Finally, to tease apart the dietary index/indices driving the findings, we conducted two additional sensitivity analyses with just main findings from our principal component analyses. The results for diet quality in cognition is presented in Table S4, while the results of gene X diet interactions are presented in Table S5. We found that, all three indices had significant contributions to Trails B test scores over time. However, only HEI-2010 and DASH scores influenced the gene X diet interactions for CVLT- List A and delayed free recall.

DISCUSSION

This study prospectively examined the relationship between change in diet quality and a genetic risk for AD on cognition in urban-dwelling African American adults. Our findings indicated that improvements in diet quality over time were associated with a slower rate of decline on a test of verbal memory particularly among African American women with higher genetic risk for AD (Fig. 2). The association was not present in men but persisted overall in mixed-sex analyses. No cross-sectional associations (initial diet and related findings) were detected in our present analyses, except for Trails A and B in women only.
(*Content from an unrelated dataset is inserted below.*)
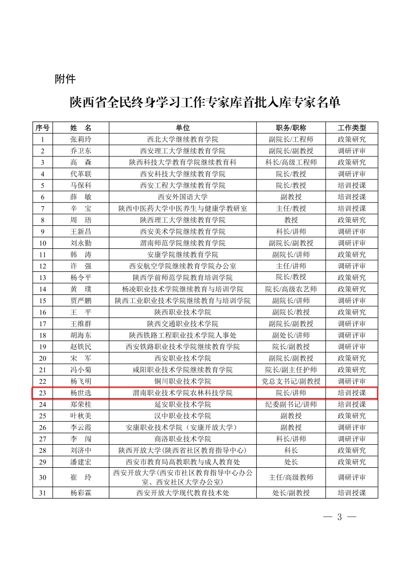 根据《陕西省教育厅办公室关于公布陕西省全民终身学习工作专家库首批入库专家名单的通知》(陕教职办〔2022〕21 号),公司农林科技公司经理杨世选成功入选全民终身学习工作专家库首批入库专家。

AD is a progressive cognitive decline that diminishes social and occupational functioning. AD is typically characterized by memory deficits, cognitive deterioration, functional impairment in activities of daily living, and neuropsychiatric symptoms47. It has been poorly identified and assessed in African Americans,48,49 resulting in an escalating public health crisis as reflected by an increased prevalence of the disease in African Americans.

Examining gene variations may be one pioneering method to explain the pathophysiologic and clinical symptoms observed in persons with AD, a multifactorial disorder. The pathogenesis of AD in African American elders may be related to the amyloid-β cascade and pathogenesis of neuropsychiatric symptoms. Several neuroanatomical structures and neurotransmitters are shared in the pathogenesis of AD and neuropsychiatric symptoms such as schizophrenia, major depression, and personality alterations. These derive from abnormalities in the limbic system and frontal and temporoparietal regions with altered function of the serotonergic, noradrenergic, and cholinergic systems in the brain. Collectively, these neurochemical and neuroanatomical changes can result in the clinical symptoms manifested in African American elders with AD. This theory of the pathogenesis of AD in African American elders with AD also may support the temporal nature of the clinical symptoms given the increased abnormalities in neurotransmitters and neuroanatomy specific to the limbic system. However, further analysis is warranted about this theory since it is based on the limited number of clinical symptoms reported and examined in African American elders with AD as well as indications of mixed-pathologies50.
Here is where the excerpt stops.